Old Release

This documentation relates to an old version of DSpace, version 4.x. Looking for another version? See all documentation.

This DSpace release is end-of-life and is no longer supported.

You are viewing an old version of this page. View the current version.

Compare with Current View Page History

« Previous Version 5 Next »

Several DSpace features require that a script is run regularly (via cron, or similar).  Some of these features include:

These regularly scheduled tasks should be setup via either cron (for Linux/Mac OSX) or Windows Task Scheduler (for Windows).

Recommended Cron Settings

If you are on Linux or Mac OSX, you should add these cron settings under the OS account which is running DSpace (or Tomcat).  For example, login as that user and type the following to edit the user's crontab.

crontab -e

 

While every DSpace installation is unique, in order to get the most out of DSpace, we highly recommend enabling these basic cron settings (the settings are described below):

## SAMPLE CRONJOB FOR A PRODUCTION DSPACE
## You obviously may wish to tweak this for your own installation, but this should give you an idea of what you likely wish to schedule via cron.
##

#-----------------
# GLOBAL VARIABLES
#-----------------
# Full path of your local DSpace Installation (e.g. /home/dspace or /dspace or similar)
# MAKE SURE TO CHANGE THIS VALUE!!!
DSPACE = [dspace]

# Shell to use
SHELL=/bin/sh

# Add all major 'bin' directories to path
PATH=/usr/local/sbin:/usr/local/bin:/sbin:/bin:/usr/sbin:/usr/bin

# Set JAVA_OPTS with defaults for DSpace Cron Jobs.
# Only provides 512MB of memory by default (which should be enough for most sites).

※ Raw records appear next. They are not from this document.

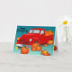 Denna design belyser tacksägelsefirandet med en röd gammal lastbil full av pumpor och höstlöv.
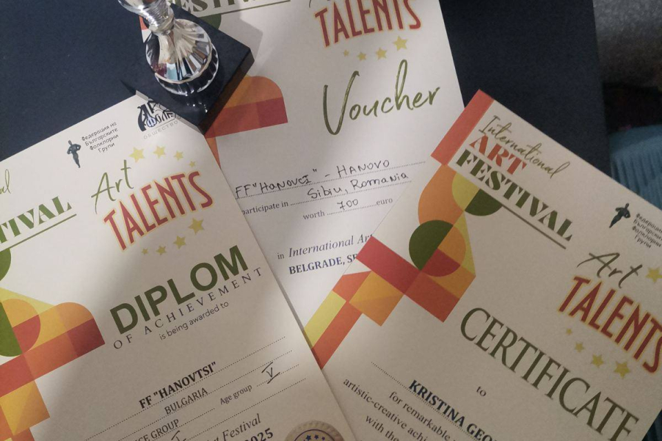 През уикенда фолклорна формация „Хановци“, с. Ханово и танцова формация „Хоро на мегдана“, с. Ботево представиха с успех община „Тунджа“ и България на Международния фестивал „Арт таланти“, проведен в Белград, Сърбия.
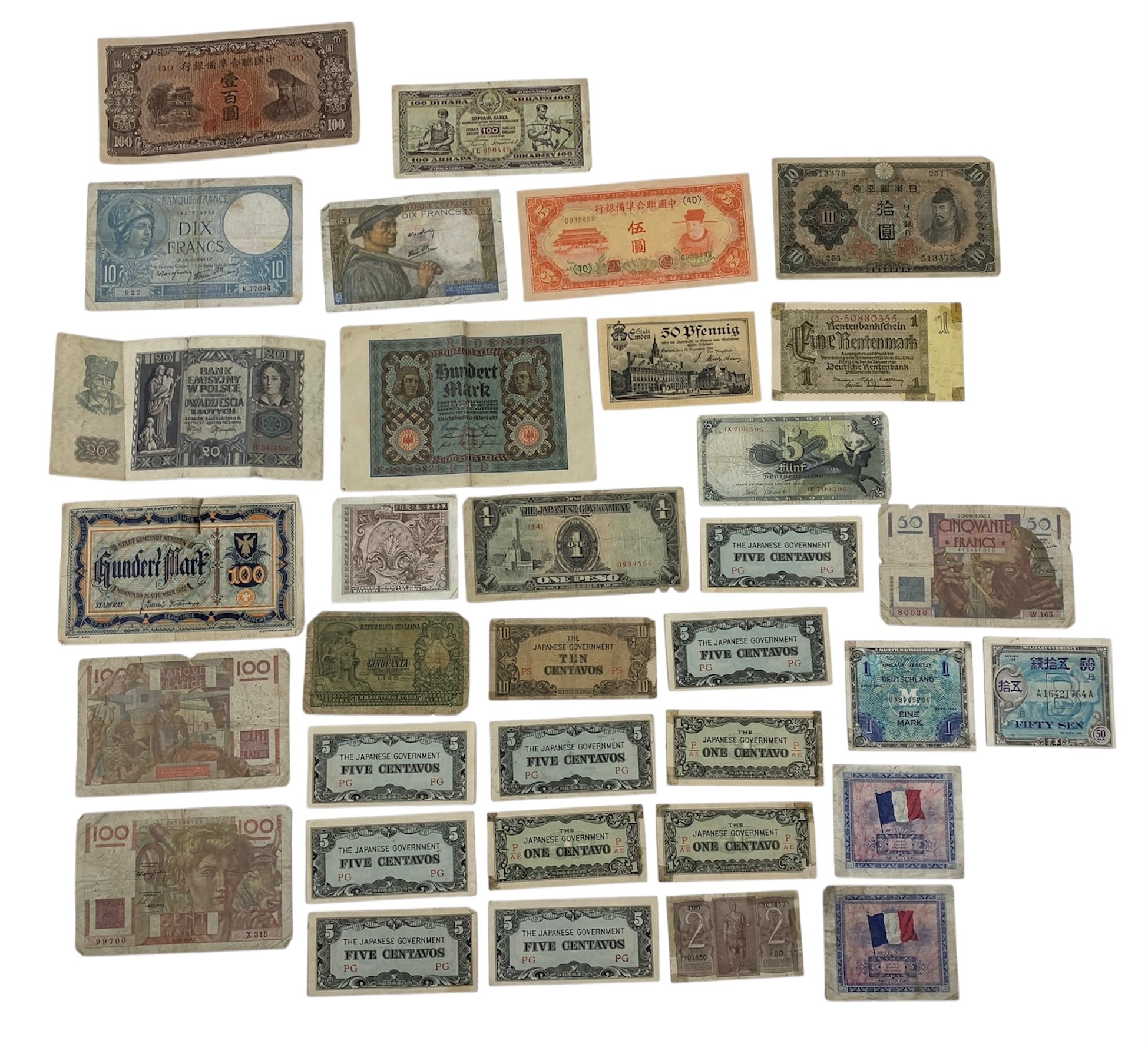 Foreign Bank Notes (Many WWI & WWII Era)- #S13-2

But, feel free to increase as needed to give more memory.
JAVA_OPTS="-Xmx512M -Xms512M -Dfile.encoding=UTF-8"

#--------------
# HOURLY TASKS (Recommended to be run multiple times per day, if possible)
# At a minimum these tasks should be run daily.
#--------------

# Regenerate DSpace Sitemaps every 8 hours (12AM, 8AM, 4PM). 
# SiteMaps ensure that your content is more findable in Google, Google Scholar, and other major search engines.
0 0,8,16 * * * $DSPACE/bin/dspace generate-sitemaps > /dev/null

#----------------
# DAILY TASKS (Recommended to be run once per day. Feel free to tweak the scheduled times below.)
#----------------

# Update the OAI-PMH index with the newest content (and re-optimize that index) at midnight every day
# (This is only necessary if you are running OAI-PMH. It ensures new content is available via OAI-PMH.
# It also ensures the OAI-PMH index is optimized for better performance)
0 0 * * * $DSPACE/bin/dspace oai import -o > /dev/null

# Clean and Update the Discovery indexes at midnight every day
# (This ensures that any deleted documents are cleaned from the Discovery search/browse index)
0 0 * * * $DSPACE/bin/dspace index-discovery > /dev/null

# Re-Optimize the Discovery indexes at 12:30 every day
# (This ensures that the Discovery Solr Index is re-optimized for better performance)
30 0 * * * $DSPACE/bin/dspace index-discovery -o > /dev/null

# Cleanup Web Spiders from DSpace Statistics Solr Index at 01:00 every day
# (This removes any known web spiders from your usage statistics)
0 1 * * * $DSPACE/bin/dspace stats-util -m -i -f

# Re-Optimize DSpace Statistics Solr Index at 01:30 every day
# (This ensures that the Statistics Solr Index is re-optimized for better performance)
30 1 * * * $DSPACE/bin/dspace stats-util -o

# Send out subscription e-mails at 02:00 every day
# (This sends an email to any users who have "subscribed" to a Collection, notifying them of newly added content.)
0 2 * * * $DSPACE/bin/dspace sub-daily

# Run the media filter at 03:00 every day.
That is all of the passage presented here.